Metaform (born Justice Aaron) is an American music producer, musician, and songwriter with numerous LP and EP releases.  He is considered to be a prominent figure in the development of instrumental Hip-Hop and Trance. He first gained acclaim in 2008 with the release of his debut album Standing on the Shoulders of Giants, which was created entirely from old vinyl samples.

Biography

Metaform grew up in Los Angeles in a musical household. His Dad was an avid listener of Leonard Cohen, Simon & Garfunkel, and Ravi Shankar records, while his Mom listened to Whitney Houston and Curtis Mayfield. Metaform's parents divorced in 1988 and soon after, he moved to San Francisco with his mother and three sisters. He spent the year of 1998 as an intern at Spark Studios in Oakland, California. During this time, he gained experience by working with E-40, Tone Capone, and Scarface. He spent the year of 1999 shipping records for TRC distribution. During this time, he delved deeper into the already buzzing Bay-Area Hip-Hop scene. From 2000 to 2005, he worked as a free-lance sound engineer and worked with many high-profile acts including:
DJ Jazzy Jeff, Afrika Bambaataa, Pharcyde, Hieroglyphics, Living Legends, Goapele, Zion I, and many others. He graduated from San Francisco State University in 2005 before moving back to Los Angeles and eventually to Tokyo.

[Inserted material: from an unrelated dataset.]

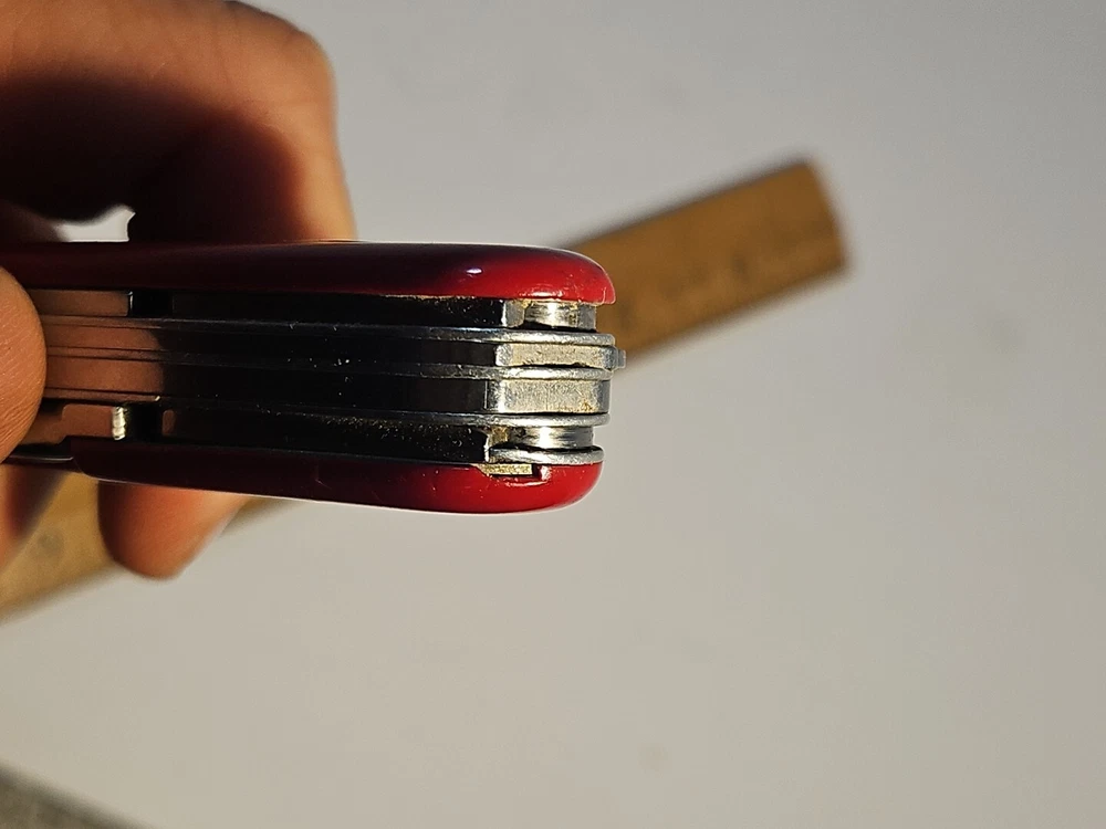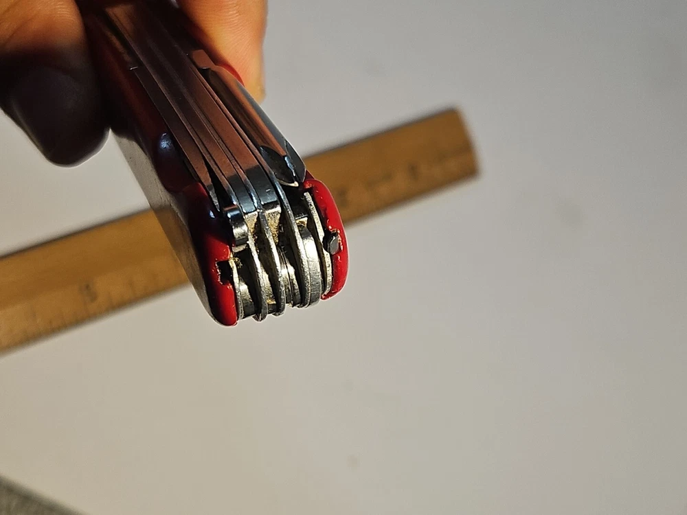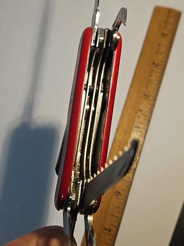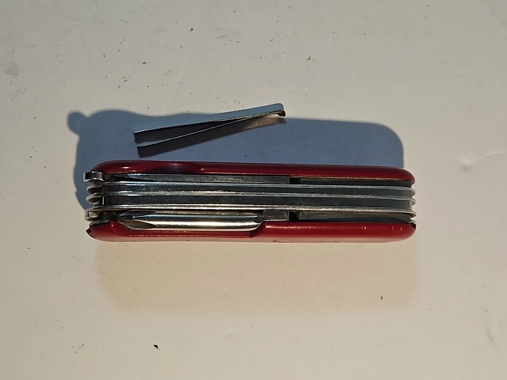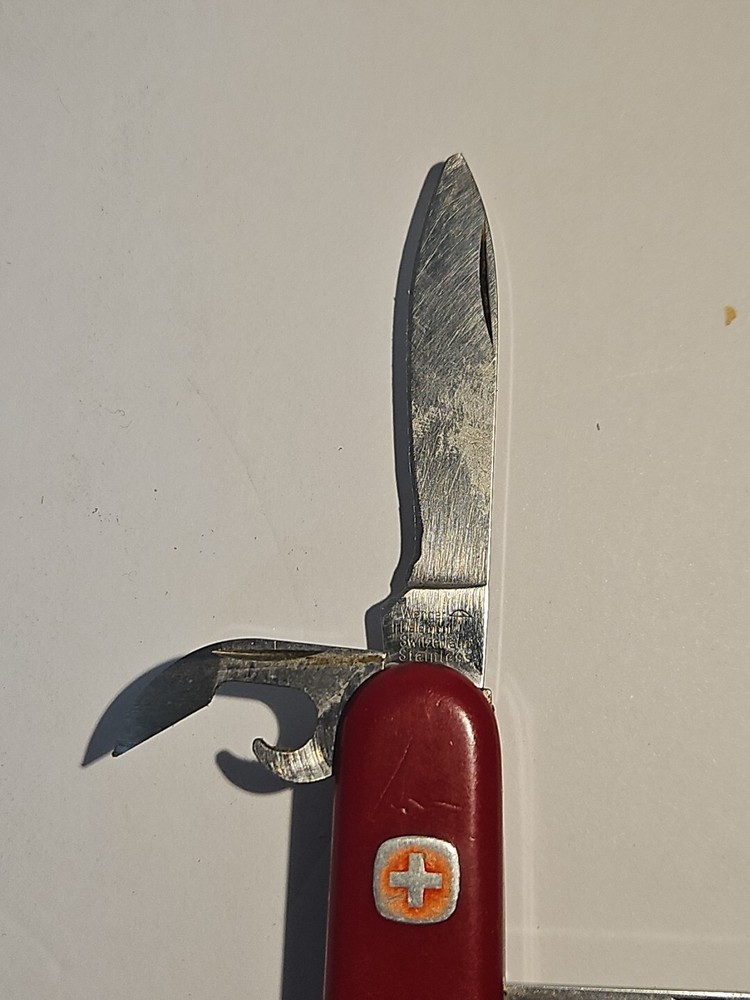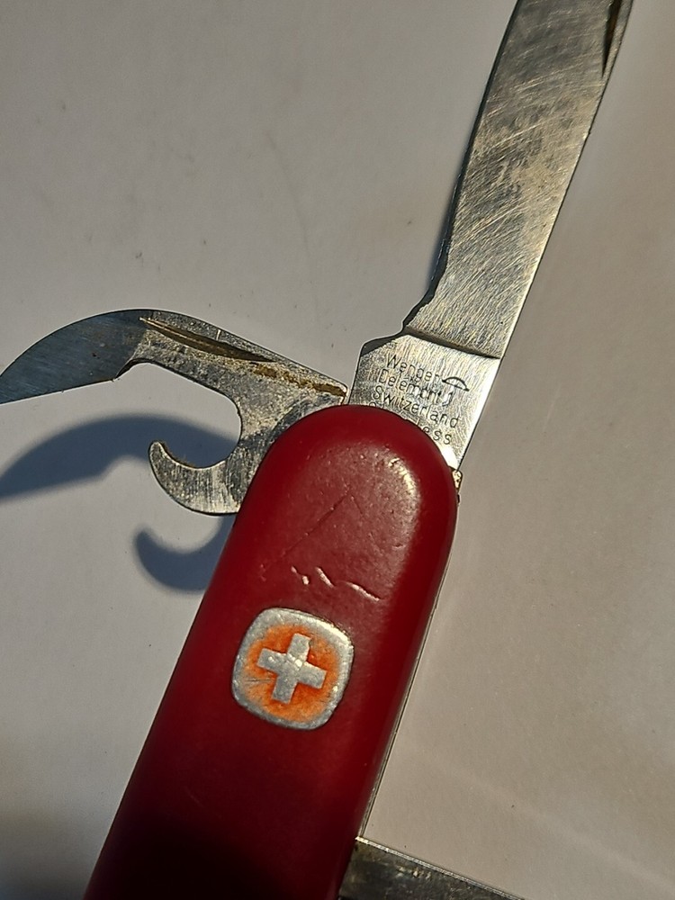 Type: Multi-tool Blade Edge: Serrated Handle Material: Plastic Brand: Wenger Blade Type: Clip Point, Drop Point Lock Type: Slipjoint Opening Mechanism: Manual Original/Reproduction: Original Model: Backpacker II Color: Red Country/Region of Manufacture: Switzerland Dexterity: Ambidextrous Tools: Bottle Opener, Corkscrew, Punch, Saw Number of Blades: 2 Blade Material: Stainless Steel

Metaform began playing piano at the age of 7, and guitar at age 13. By the time he turned 16, Metaform formed a heavy metal band with two of his classmates. The band mostly played Metallica and Slayer covers. At age 18, Metaform joined the now defunct San Francisco punk rock band, The Breakouts, as rhythm guitar and they played at several club shows in San Francisco. After The Breakouts, Metaform met 4X-ampL (who now resides in Montreal) during an audio engineering class. The two quickly became friends and formed the rock group Team USA (along with Casten on drums) and Metaform played the guitar and also contributed towards vocals. Later, Metaform and 4X-ampL formed the electronica duo Razed High. During this time, Metaform was known as Hai-Ding, a play on words in that he was "in hiding" and working on what would later become Standing on the Shoulders of Giants.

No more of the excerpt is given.